> [DATA LISTING]:
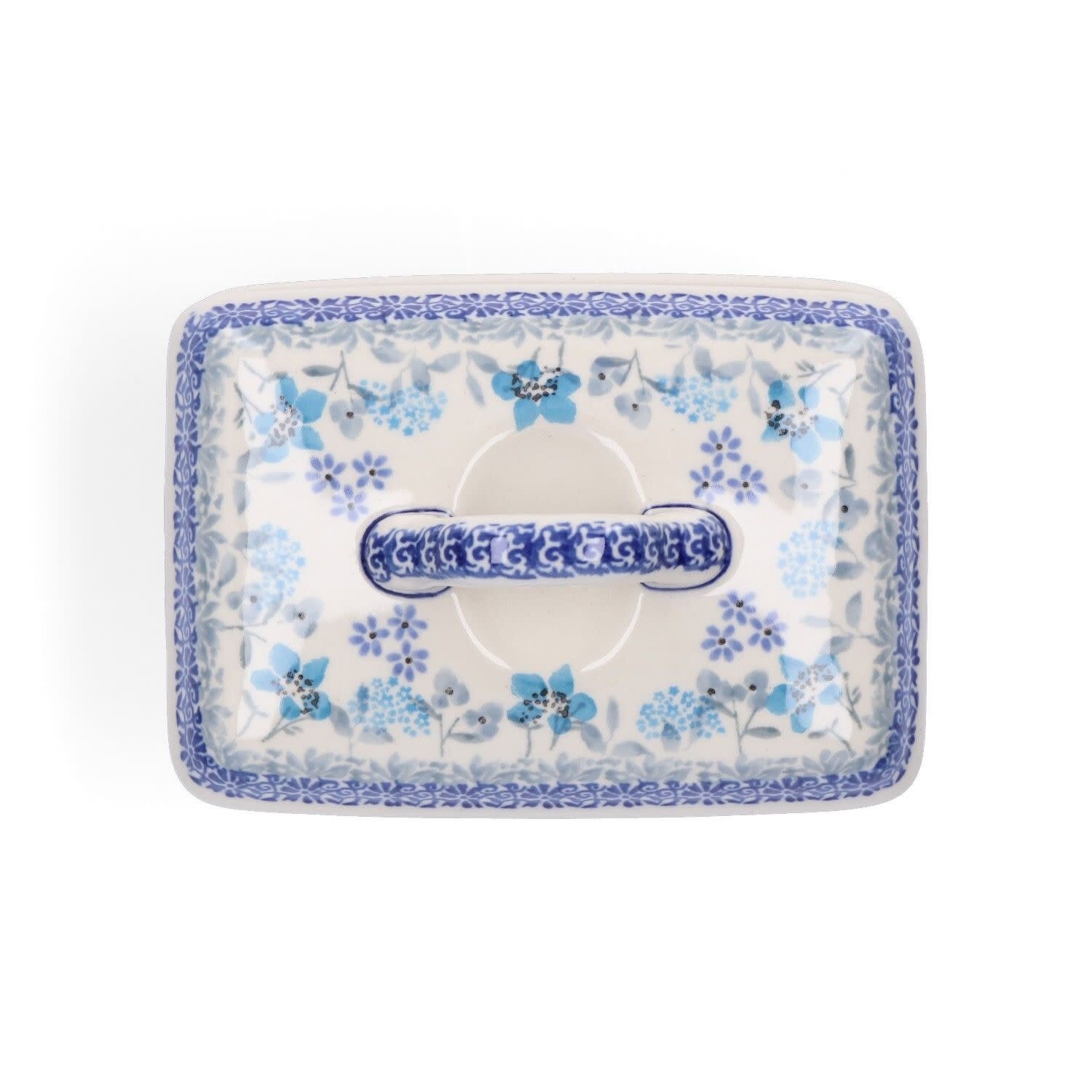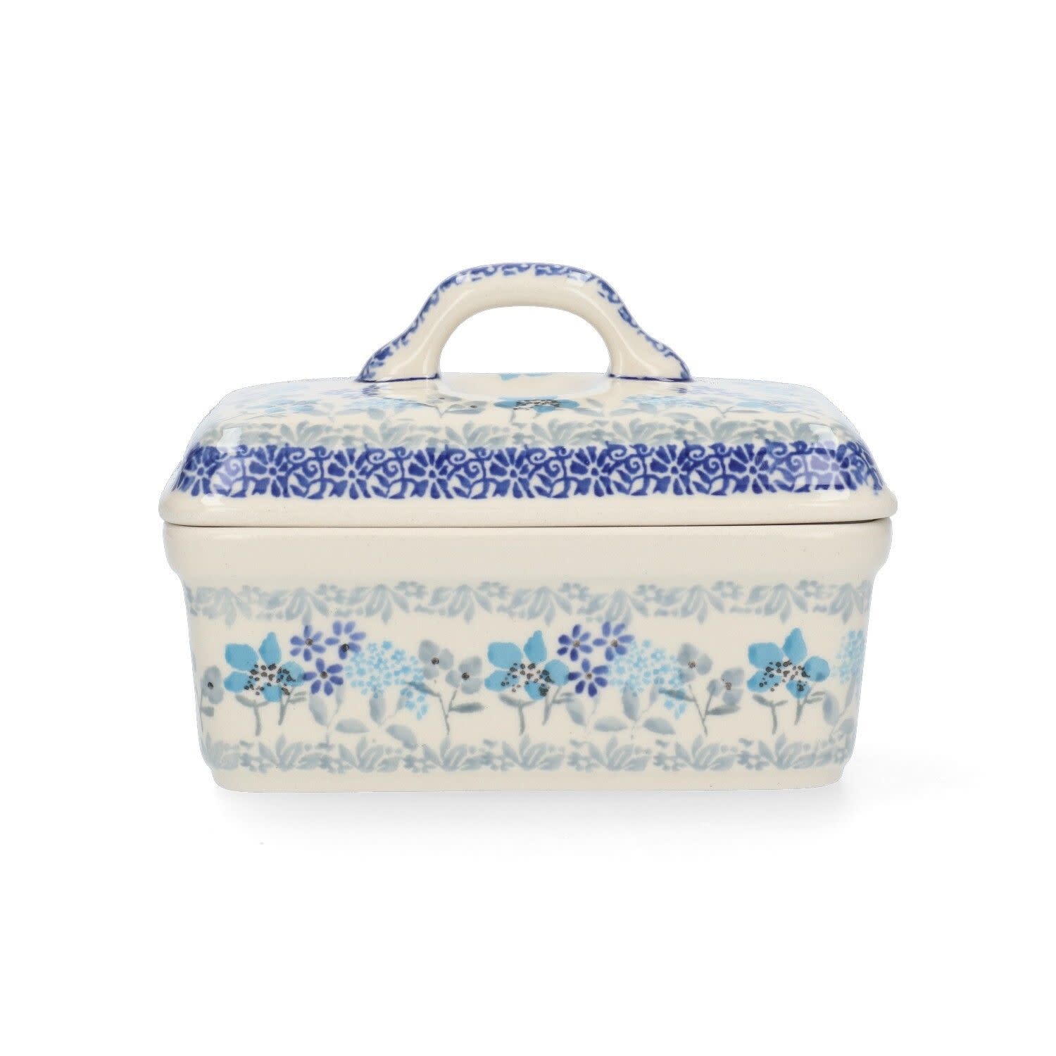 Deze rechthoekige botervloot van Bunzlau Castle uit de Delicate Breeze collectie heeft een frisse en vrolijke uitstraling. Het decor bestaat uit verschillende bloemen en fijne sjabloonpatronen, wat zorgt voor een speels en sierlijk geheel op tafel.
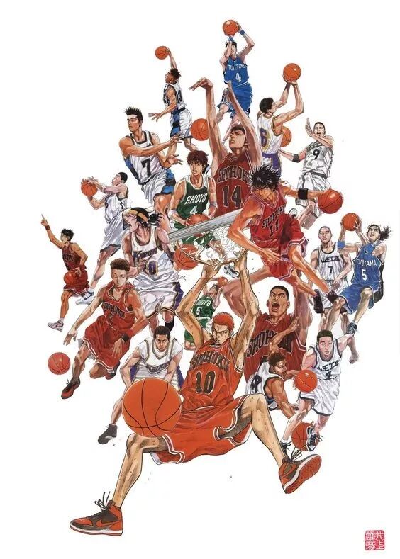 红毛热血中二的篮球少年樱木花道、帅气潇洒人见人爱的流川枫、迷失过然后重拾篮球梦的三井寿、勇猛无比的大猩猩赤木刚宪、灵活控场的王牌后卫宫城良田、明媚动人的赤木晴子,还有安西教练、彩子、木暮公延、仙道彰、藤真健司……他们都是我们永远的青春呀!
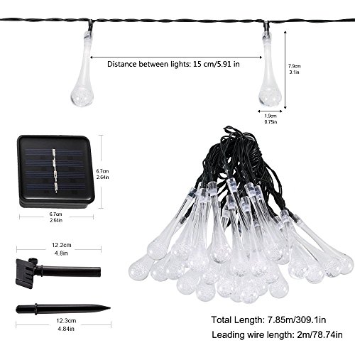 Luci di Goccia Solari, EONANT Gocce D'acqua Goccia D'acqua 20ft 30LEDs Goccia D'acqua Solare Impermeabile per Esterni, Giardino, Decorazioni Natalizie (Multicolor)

...

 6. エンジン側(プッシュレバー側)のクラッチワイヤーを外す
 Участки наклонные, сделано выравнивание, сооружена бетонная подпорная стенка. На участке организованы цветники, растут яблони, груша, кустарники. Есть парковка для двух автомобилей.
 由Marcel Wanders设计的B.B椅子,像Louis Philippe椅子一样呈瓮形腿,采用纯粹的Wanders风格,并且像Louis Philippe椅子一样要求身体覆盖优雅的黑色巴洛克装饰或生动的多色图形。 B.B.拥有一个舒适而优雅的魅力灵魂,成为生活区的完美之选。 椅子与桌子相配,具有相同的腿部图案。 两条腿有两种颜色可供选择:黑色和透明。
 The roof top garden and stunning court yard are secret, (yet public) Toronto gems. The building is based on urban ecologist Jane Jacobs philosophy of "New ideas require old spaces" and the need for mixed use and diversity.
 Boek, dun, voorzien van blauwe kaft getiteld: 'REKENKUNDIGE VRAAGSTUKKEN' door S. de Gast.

> [TASK BRIEF]: Copy out the listing above from the line containing "Deze rechthoekige botervloot" to the line containing "Luci di Goccia", both included, exactly as written and minus the images.

> [PROBLEM SOLUTION]:
 Deze rechthoekige botervloot van Bunzlau Castle uit de Delicate Breeze collectie heeft een frisse en vrolijke uitstraling. Het decor bestaat uit verschillende bloemen en fijne sjabloonpatronen, wat zorgt voor een speels en sierlijk geheel op tafel.
 红毛热血中二的篮球少年樱木花道、帅气潇洒人见人爱的流川枫、迷失过然后重拾篮球梦的三井寿、勇猛无比的大猩猩赤木刚宪、灵活控场的王牌后卫宫城良田、明媚动人的赤木晴子,还有安西教练、彩子、木暮公延、仙道彰、藤真健司……他们都是我们永远的青春呀!
 Luci di Goccia Solari, EONANT Gocce D'acqua Goccia D'acqua 20ft 30LEDs Goccia D'acqua Solare Impermeabile per Esterni, Giardino, Decorazioni Natalizie (Multicolor)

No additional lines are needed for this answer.